In other words, by intelligently applying technology that exists today, network providers can do more with the resources they already have, and get more leverage out of infrastructure investments.

Alcatel-Lucent calls this strategy application enablement, defined as “an industry vision that offers more effective ways to counteract the increasing gap between revenues and traffic growth” using “efficient high leverage network architecture that can provide low-cost transport for a wide range of new personalized multimedia services.”

“This solution can also generate additional revenues from application and content providers (ACPs), as well as from subscribers,” Alcatel-Lucent said in a recently published white paper.

To create high leverage networks and realize the benefits of application enablement, today’s providers must adopt new business models. Such models are based on the idea that trusted network capabilities can be combined with the web’s creativity to provide a richer application and content experience for consumers and enterprises.

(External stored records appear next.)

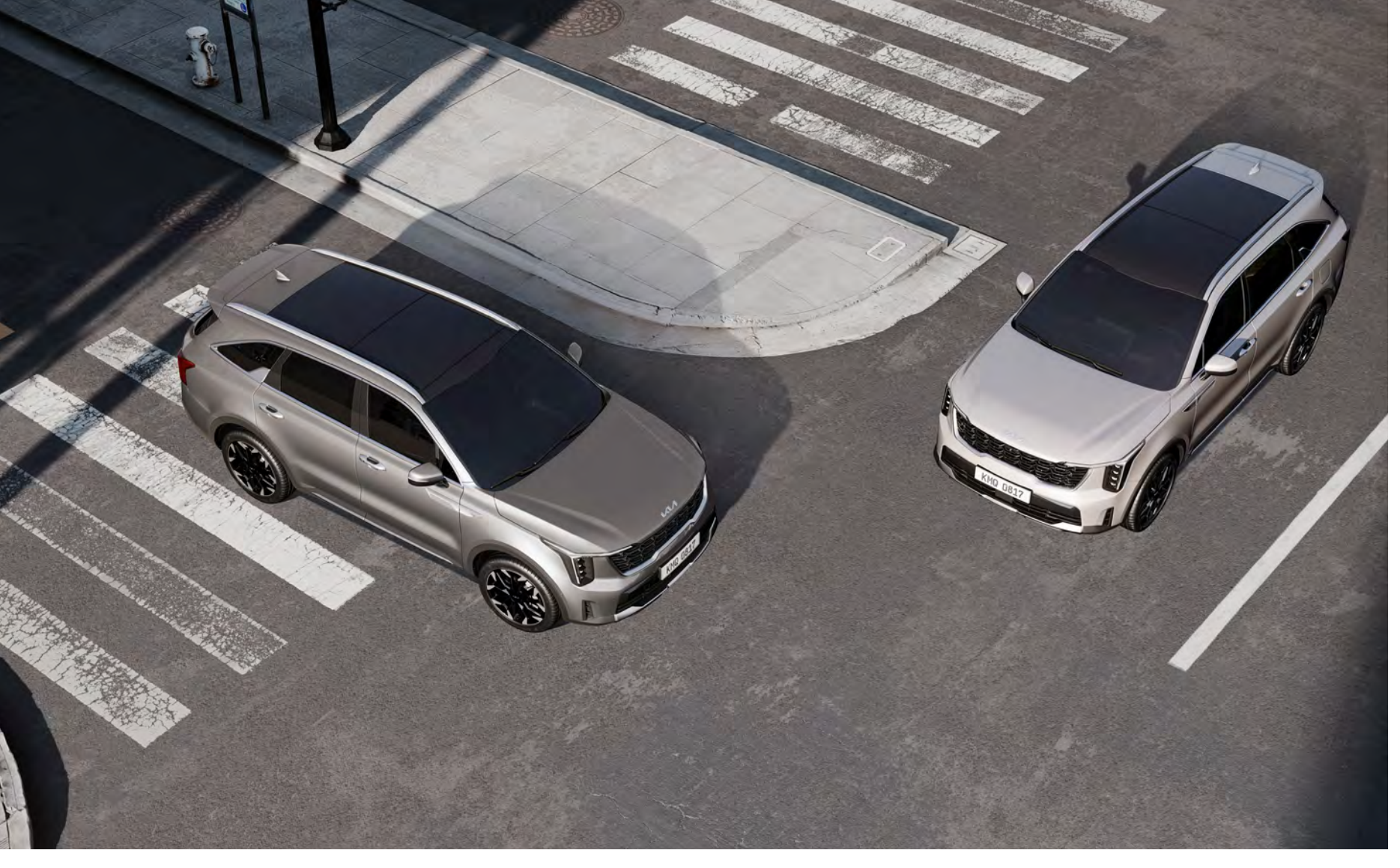
Reverse Parking Collision-Avoidance Assist (PCA) provides a warning if there is a risk of collision with a rear object while reversing. It automatically assists with emergency braking if the risk of collision increases after the warning.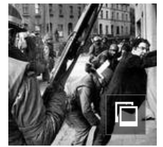
The Troubles gallery - John Hume detained in 1971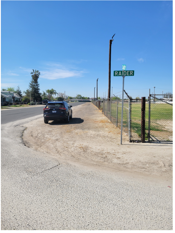
Figure 6: NW side of Sandy facing SW from the SW corner of Sandy and Raider Ave near the fairgrounds.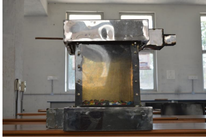
Fig. 2. Actual view of the specialized direct contact heat exchanger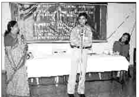
Freedom of expression

“New revenue through new business models can result when opening these capabilities to a community of creative developers, in a managed and controlled way,” Alcatel-Lucent pointed out in its whitepaper. “This new revenue can help fund future network and web investments.”

Each of the two components in this integration—traditional networks and the web—bring strengths and factors to the table that can be used to create success. On the network side those factors include quality, security, privacy, reliability, billing, customer relationships and user context. On the web side, factors include innovation and speed.

In its white paper, Alcatel-Lucent lays out a vision for how application enablement can work. Subscribers pay a fee to get a temporary QoS upgrade—for a specified length of time, or for a particular application session (for example during a session of interactive gaming). Application and content providers such as Amazon or Hulu can also request guaranteed bandwidth to upgrade performance when online services are being delivered over mobile networks.

“Short-term QoS upgrades can be provided for a wide range of applications, including video on demand, IPTV, online gaming and Internet-based applications, such as video streaming, cloud computing or other business-related applications,” Alcatel-Lucent said in its white paper. “In addition, the dynamic traffic management methods used for on-demand QoS can support a broad spectrum of other personalized services in the years ahead.”